** Opening TASK INPUTS block **

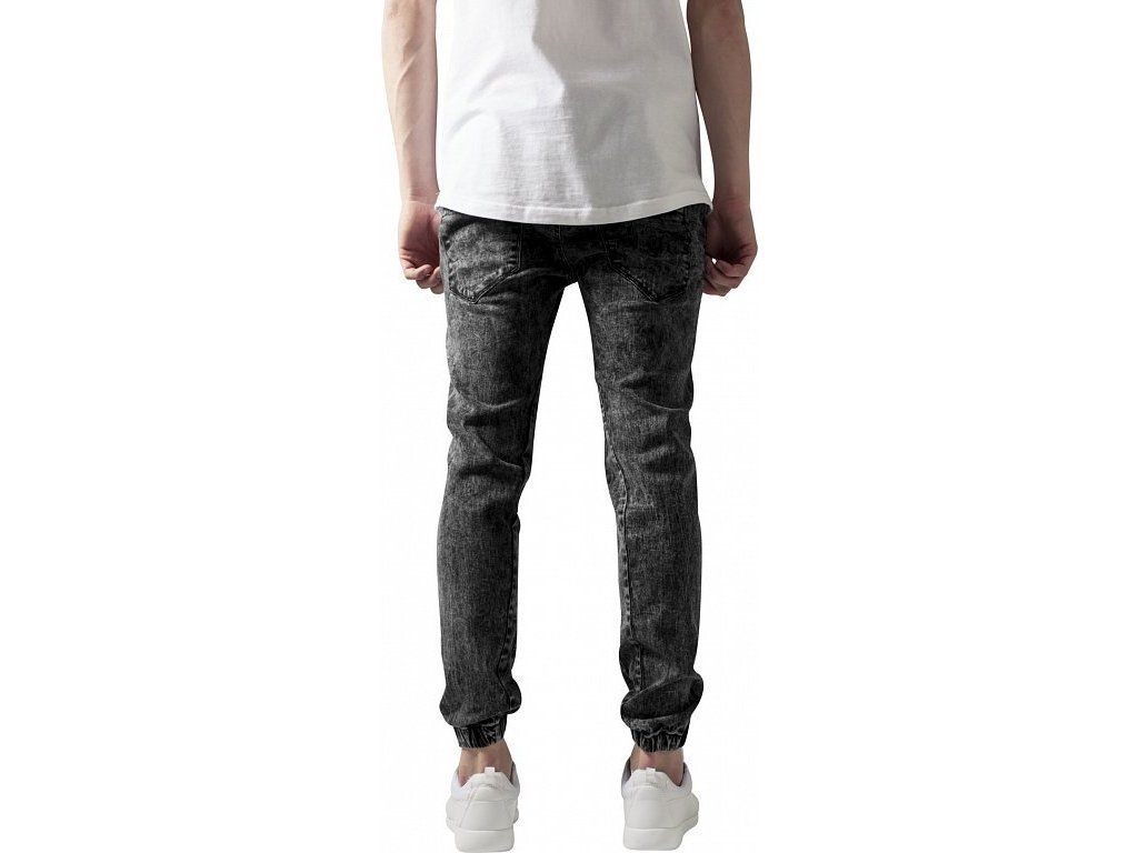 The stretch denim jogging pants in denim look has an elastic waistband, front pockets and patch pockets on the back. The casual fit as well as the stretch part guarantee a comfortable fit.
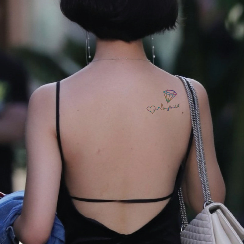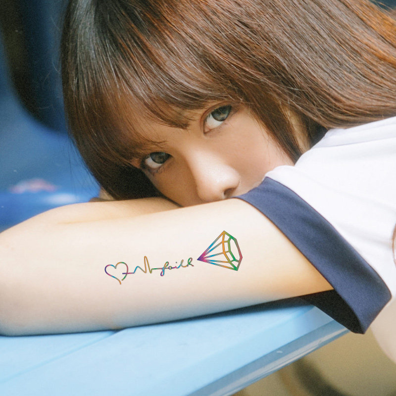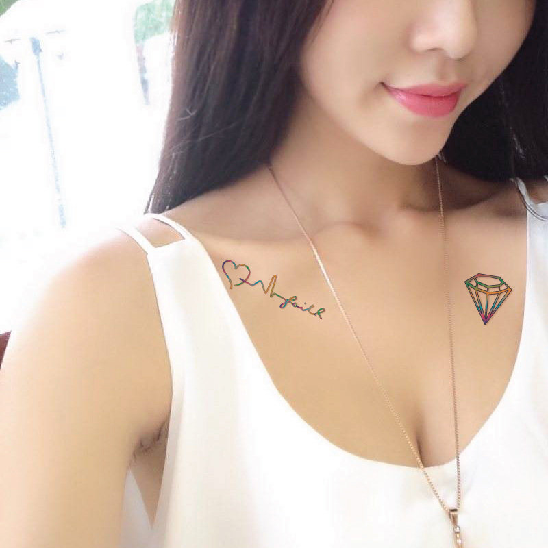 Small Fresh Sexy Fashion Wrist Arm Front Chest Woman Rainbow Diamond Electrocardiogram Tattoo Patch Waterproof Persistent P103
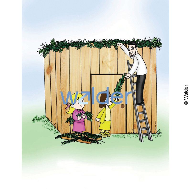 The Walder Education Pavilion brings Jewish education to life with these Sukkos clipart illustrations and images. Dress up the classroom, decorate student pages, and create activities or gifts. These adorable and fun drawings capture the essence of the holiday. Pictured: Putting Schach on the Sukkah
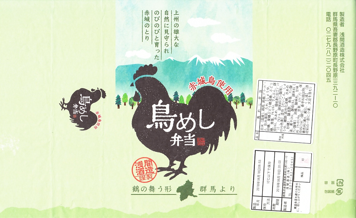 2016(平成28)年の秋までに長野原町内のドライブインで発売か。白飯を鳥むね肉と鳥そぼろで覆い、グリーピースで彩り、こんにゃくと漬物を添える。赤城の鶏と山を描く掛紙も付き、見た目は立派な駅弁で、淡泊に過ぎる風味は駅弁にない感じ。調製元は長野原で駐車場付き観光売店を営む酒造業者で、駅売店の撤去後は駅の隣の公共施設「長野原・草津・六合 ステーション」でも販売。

** Closing TASK INPUTS block **
** Opening TASK INPUTS block **

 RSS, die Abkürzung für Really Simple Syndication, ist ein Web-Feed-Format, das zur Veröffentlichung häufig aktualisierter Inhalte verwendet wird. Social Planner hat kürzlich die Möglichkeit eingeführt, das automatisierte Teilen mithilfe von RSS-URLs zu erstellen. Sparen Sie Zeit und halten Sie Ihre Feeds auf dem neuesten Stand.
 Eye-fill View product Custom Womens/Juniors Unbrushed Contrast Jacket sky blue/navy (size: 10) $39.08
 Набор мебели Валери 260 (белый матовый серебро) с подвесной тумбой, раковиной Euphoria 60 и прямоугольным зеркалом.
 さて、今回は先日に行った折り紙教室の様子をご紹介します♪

** Closing TASK INPUTS block **

— TRY IT —
In the listing above, start at the line with "RSS, die Abkürzung", go on through the line with "さて、今回は先日に行った折り紙教室の様子をご紹介します♪", and copy each of those lines exactly; leave out all the rest.

— WORKED SOLUTION —
 RSS, die Abkürzung für Really Simple Syndication, ist ein Web-Feed-Format, das zur Veröffentlichung häufig aktualisierter Inhalte verwendet wird. Social Planner hat kürzlich die Möglichkeit eingeführt, das automatisierte Teilen mithilfe von RSS-URLs zu erstellen. Sparen Sie Zeit und halten Sie Ihre Feeds auf dem neuesten Stand.
 Eye-fill View product Custom Womens/Juniors Unbrushed Contrast Jacket sky blue/navy (size: 10) $39.08
 Набор мебели Валери 260 (белый матовый серебро) с подвесной тумбой, раковиной Euphoria 60 и прямоугольным зеркалом.
 さて、今回は先日に行った折り紙教室の様子をご紹介します♪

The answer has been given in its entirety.